|Review by tonereef January 16, 2013 (2 of 3 found this review helpful)
|When these stirring, characterful performances were taped in April 1977, Kosler was the CPO’s second conductor, under Neumann. (Neither by the way was a friend of the regime). It was one of the Supraphon-Denon co-productions of that era that were released on 14-or 16-bit digital LP in Japan, and in this case in SQ analogue on Supraphon. The SACD’s Japanese-only notes say the source is analogue, and it’s part of their “Supraphon 4ch collection” though I don’t know what other SACDs that includes.
Kosler toured Japan with the CPO four times and did a lot of guest conducting there over the years, so perhaps that was a consideration in Nippon Columbia (formerly Denon) deciding to remaster this to DSD in 2007 – and, who knows, in Kosler getting to conduct the recording in first place. (Neumann recorded these pieces with the CPO only in 1982.)
About the performances I completely agree with the Amazon.com reviewer of the Denon CD, who calls them “ecstatic”, “volcanic”, “throat-grabbing”. And to hear the CPO play these pieces in high-res is, I can now say, a thrill. For the longest time though I had a problem with the sound. It’s certainly not ‘audiophile’. There’s considerable spotlighting; the upper strings, winds and brass all tend towards the over-lit; deep bass is lacking and there’s not a great deal of warmth either; and the mics capture a lot of the long, heavy reverberation of the Rudolfinum – all of which can make the sound somewhat glassy and coagulated when things get loud (at least in stereo). So unless you have a highly resolving and truthfully balanced system you might not be as taken by this disc as I am. Upgrading from the Stax SR007 to SR009 and an amp that does those phones justice actually made the recording thoroughly enjoyable for the first time. Now the sound comes across as sharp-edged and a bit brazen, in a good way. So if you can get what’s there off the disc and you’re a Janacek fan, it’s really not to be missed. As a nearly transparent window onto the CPO’s playing, as well for as Kosler’s natural way with this wonderfully humanistic yet transcendent music, I haven’t heard anything quite like it.

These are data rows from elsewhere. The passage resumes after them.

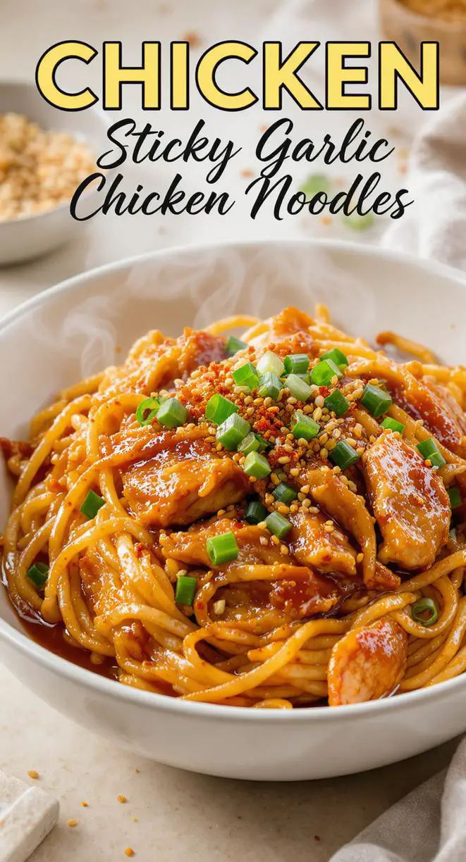 This sticky garlic chicken noodles recipe features tender chicken stir-fried in a sweet and savory garlic sauce, tossed with noodles for a quick and flavorful meal.
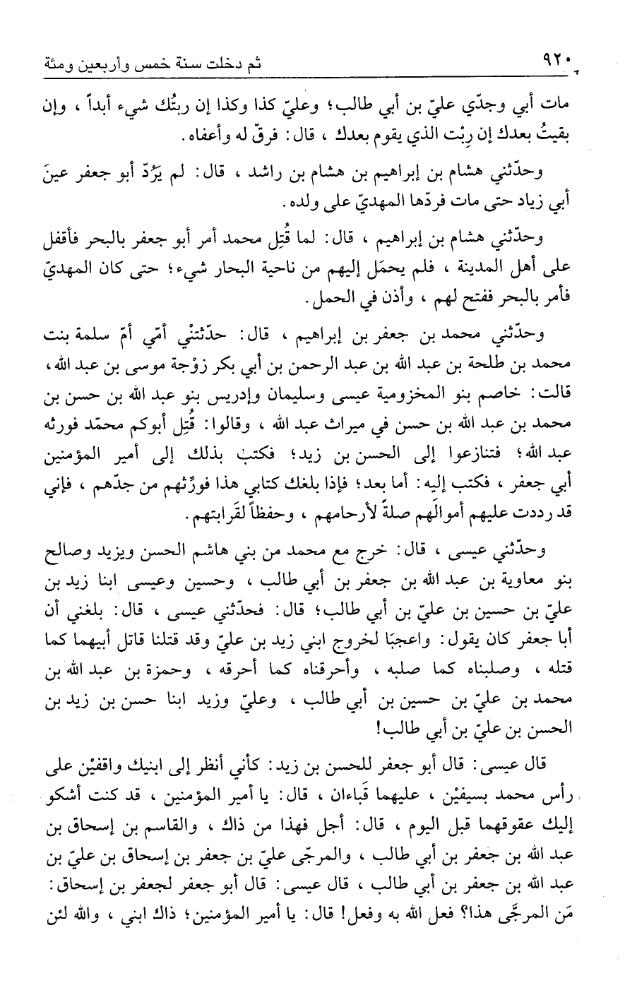 وحدّثني عيسى، قال: خرج مع محمد من بني هاشم الحسن ويزيد وصالح بنو معاوية بن عبد الله بن جعفر بن أبي طالب، وحسين وعيسى ابنا زيد بن عليّ بن حسين بن عليّ بن أبي طالب؛ قال: فحدّثني عيسى، قال: بلغني أن أبا جعفر كان يقول: واعجبَا لخروج ابني زيد بن عليّ وقد قتلنا قاتل أبيهما كما قتله، وصلبناه كما صلبه، وأحرقناه كما أحرقه، وحمزة بن عبد الله بن محمد بن عليّ بن حسين بن أبي طالب، وعليّ وزيد ابنا حسن بن زيد بن الحسن بن عليّ بن أبي طالب!
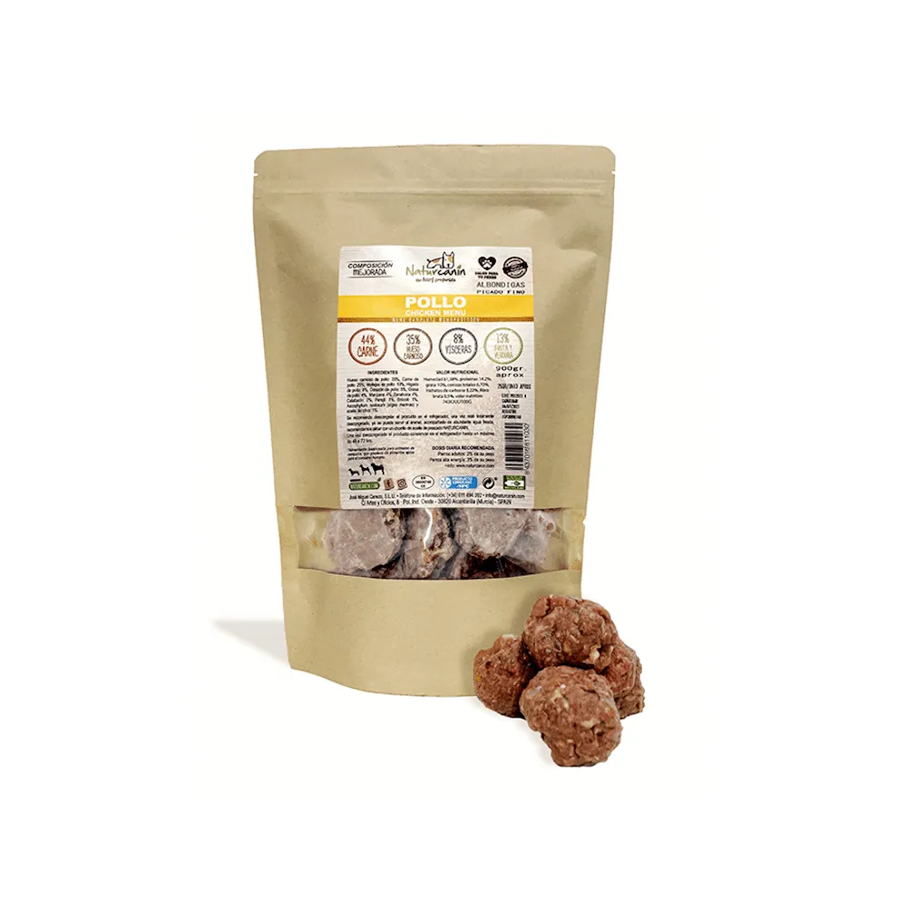 Hueso carnoso pollo 35,0% carne pollo 25,0% mollejas pollo 10,0% hígado pollo 8,0% corazón pollo 5,0% grasa pollo 4,0% manzana 4,0% zanahoria 4,0% calabacín 2,0% perejil 1,0% brócoli 1,0% Ascophyllum nodosum (algas marina) y aceite de oliva 1,0%
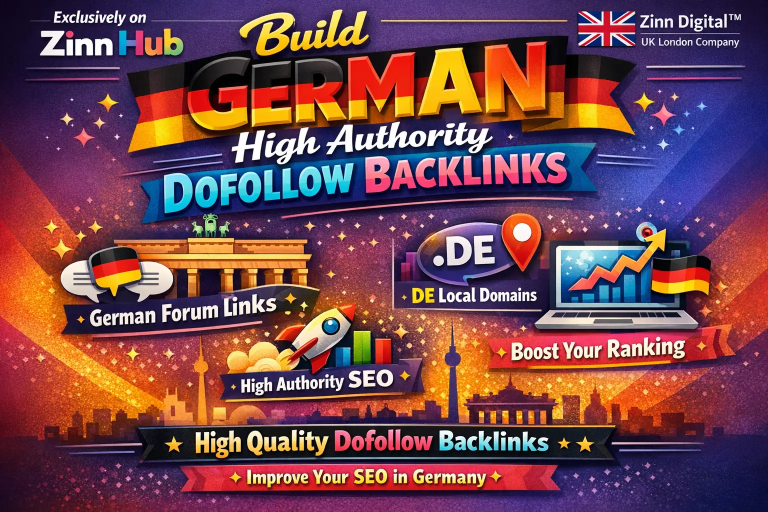 If you are seeking high-authority German backlinks, Zinn Digital ™ provides premium German backlinks for your German website with top-level domains (TLD) backlinks for .de (Germany) country. The metrics of the websites where you receive authority SEO backlinks average MOZ from DA 80 to DA90+.

Comparing “Sinfonietta” with the Ancerl Edition’s, there’s way (way!) more clarity and detail; even though Kosler’s tempos generally aren’t as fleet the music just shines forth. However, Mackerras (CPO, early 2000s) is more naturally mic’d, better balanced timbrally and spatially, and is also conducted and performed with the keen interpretive vigour and responsiveness to the music’s moods that he was known for in Janacek – and the redbook sound conveys it all coherently. You can get 5 CDs’ worth of Mackerras’s Janacek and Martinu on Supraphon’s “Life with Czech Music” box, and it will cost about the same as ordering this SACD from Japan.